Wednesday, 10 May 2017

Girls World


I finished the last season of Girls this week. Six seasons of ups, downs, controversies - some very well deserved - and endless quotes, the voice of my generation had fallen silent.
It's potentially an unpopular opinion, but I love the TV show, Girls. I like Lena Dunham. Granted, she's a bit tone deaf with her feminism, she can be polarising to say the least. But the TV show she created with Jenni Konner and Judd Apatow - who forever holds a place in my heart as the creator of Freaks & Geeks - is magnificent.
Girls started whilst I was in my first year of university, a year I look back on as a learning curve. A year of fantastic, stitch inducing, laugh out loud memories and terrible, blocked off, shut away in a cupboard...events. I thought I knew who I'd grow up to be. Then I watched Girls.
The problem most critics have with Girls is its main characters. These four, white, upper middle class New York women who's biggest complaint was that nobody was paying them any attention. I loved it.

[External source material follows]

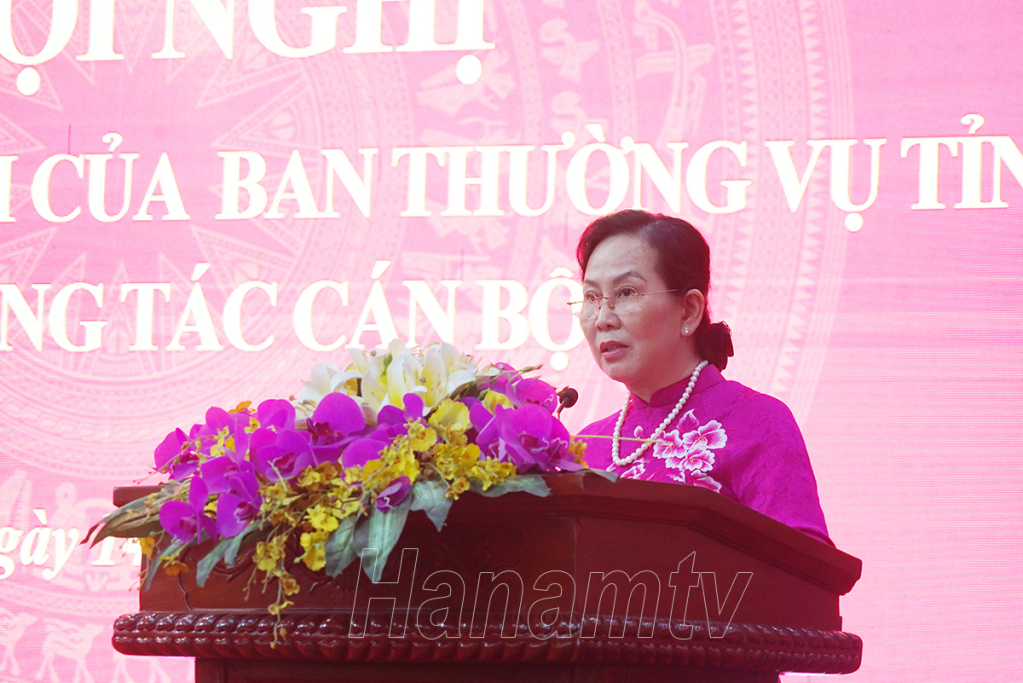 Đồng chí Lê Thị Thủy, Ủy viên Trung ương Đảng, Bí thư Tỉnh ủy, Chủ tịch HĐND tỉnh phát biểu giao nhiệm vụ cho đồng chí Lê Văn Hà.

They're flawed, narcissistic, self obsessed and moany. They have wobbly bits on their bodies, spots, terrible choices in boyfriends (yes I'm looking at you Jessa and Thomas-John). I loved it, because they were me. It shook me to see distorted versions of myself, who were so bloody impossible to like, but who I so desperately wanted to be. Jessa's hair, Shoshanna's clothes, Hannah's razor sharp wit, and well, Marnie dated Ray and he's the best. Watching Girls shaped me. It introduced me to Curb Your Enthusiasm, Louis CK, The Mindy Project, and maybe I started watching Extreme Makeover Home Edition in between, so I guess I kind of have Lena Dunham to thank for my now lifelong passion for the phrase "MOVE THAT BUS!"
Girls felt like the big sister I never had. Like the gentle whispered warning of someone who has been there. It's those episodes I like the best. Those jarring, standstill moments of television that put your heart in your mouth and your hand to your pearls. Episodes like this last season's American Bitch, that left me feeling speechless and dirty all in one, episodes that remind you that Girls isn't fizzy, happy, lols-a-minute, feelgood friendship. It's clunky, sad, heartbreaking and cringey, and it puts Elijah Krantz in a happy place for like three episodes, then rips him away, stomping on him and telling him to try again.

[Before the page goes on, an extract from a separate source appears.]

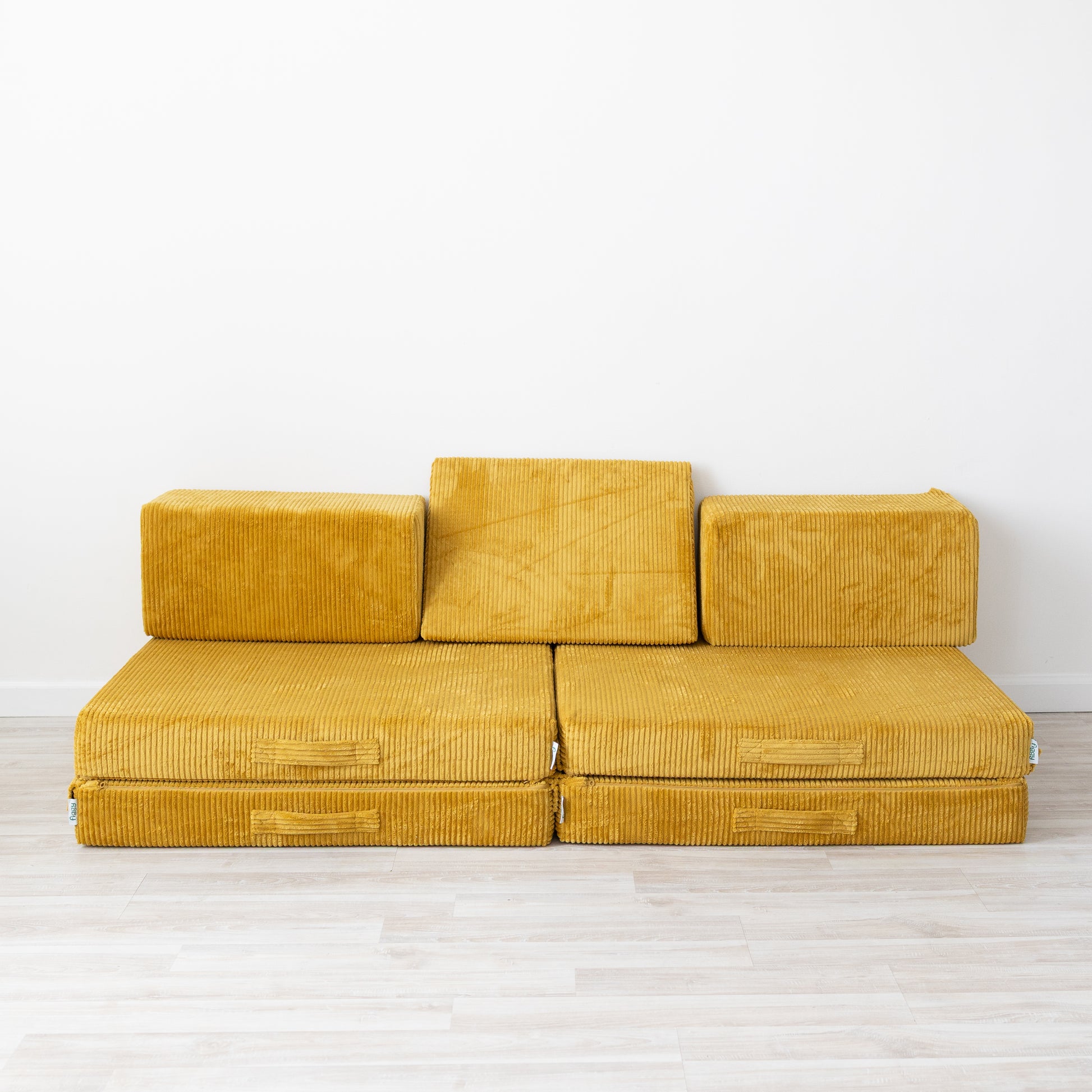 Unlike other play couches that pre-connect the base pieces the Figgy features four individual foundation cushions that can be used separately or secured together with our super strong, patent-pending Velcro® connectors.

It's not a perfect show, it's thorny and problematic, but the final series surprised me with its grace. It felt rooted in indulging itself as a final farewell, and I couldn't have asked for more, until I could. The last episode of Girls, in a similar vein to Seinfeld and Breaking Bad, fell short. It went full force, guns blazing with the promise of a curtain call that it deserved, but it never got. Like a surf lesson with Paul Louis (played by the incredible Riz Ahmed), the set up was there, but then it never happened. Dammit, Dunham! I believed in you to pull this off! One great review of the finale ended with the summation "you think you know me, but you really don't," - a fantastic symbol for the breakdown of female friendship in season six, and the Brooklyn Mr Big, Adam's hopeless and at times hideous flip flopping between Hannah and Jessa.
I will always love Girls. I will always love Lena Dunham. I will forever wish Elijah was my best friend and that Ray made me coffee everyday. I will daydream about what would've happened if that Marnie episode in the final season ended the way I wish it had. And I will watch it again and again, knowing in the pit of my stomach that it won't end well. But then maybe that's the point. Girls is the best worst relationship I've ever had. Bittersweet and painful, and maybe sometimes worth the perverse peel back of the plaster that's been holding you together, in order to assess how far you've come.